_WHAT IS REQUIRED:_ Make an exact copy of the records, dropping all pictures.

[Data records]

---

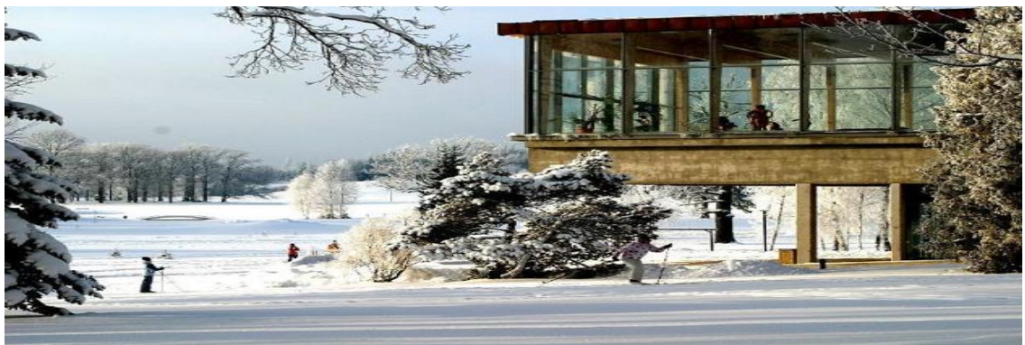
Picture 2b. Surrounding view of PSHR in winter
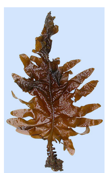
Figure 6: Wakame – Undaria pinnatifida
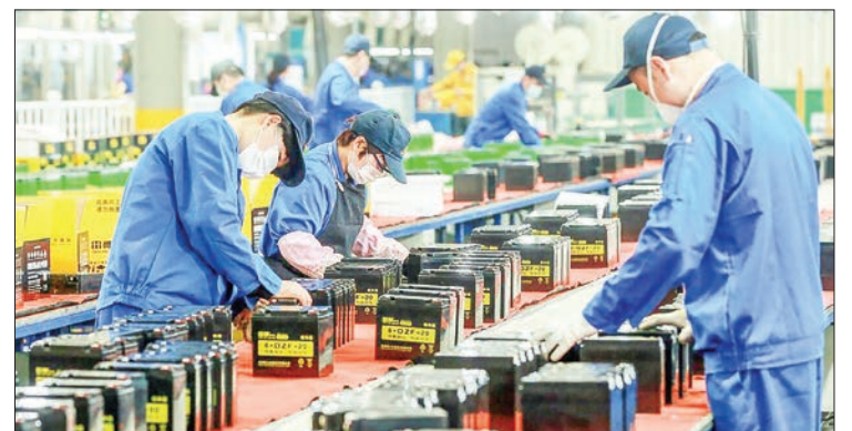
Factory activity in China nudged down slightly in May on slower demand and higher raw material prices, while the services industry boomed over the Labour Day break, official data showed on Monday.

Capital Economics said in a recent note that there are “few signs” of easing, with freight rates still going up. Meanwhile, the purchasing prices of major raw materials remains high, said the NBS. On top of that, a fresh wave of COVID-19 in Asian
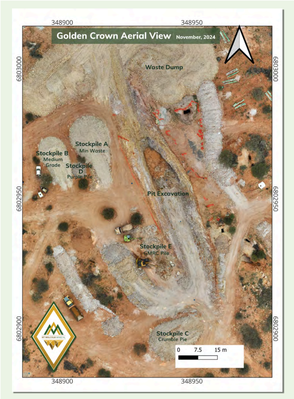
Figure 1. Aerial Image Showing Existing Stockpiles at Golden Crown as of November 2024.

In November 2024, LPD, a reputable surveying company, conducted LiDAR surveys and its results (see aerial image as Figure 1) serve as the primary basis for the volume estimates of the stockpiles.
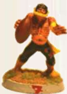
Ike Lonesome Thrall Lineman , BATting Cobras

---

_ANSWER BOX:_
Picture 2b. Surrounding view of PSHR in winter
Figure 6: Wakame – Undaria pinnatifida
Factory activity in China nudged down slightly in May on slower demand and higher raw material prices, while the services industry boomed over the Labour Day break, official data showed on Monday.

Capital Economics said in a recent note that there are “few signs” of easing, with freight rates still going up. Meanwhile, the purchasing prices of major raw materials remains high, said the NBS. On top of that, a fresh wave of COVID-19 in Asian
Figure 1. Aerial Image Showing Existing Stockpiles at Golden Crown as of November 2024.

In November 2024, LPD, a reputable surveying company, conducted LiDAR surveys and its results (see aerial image as Figure 1) serve as the primary basis for the volume estimates of the stockpiles.
Ike Lonesome Thrall Lineman , BATting Cobras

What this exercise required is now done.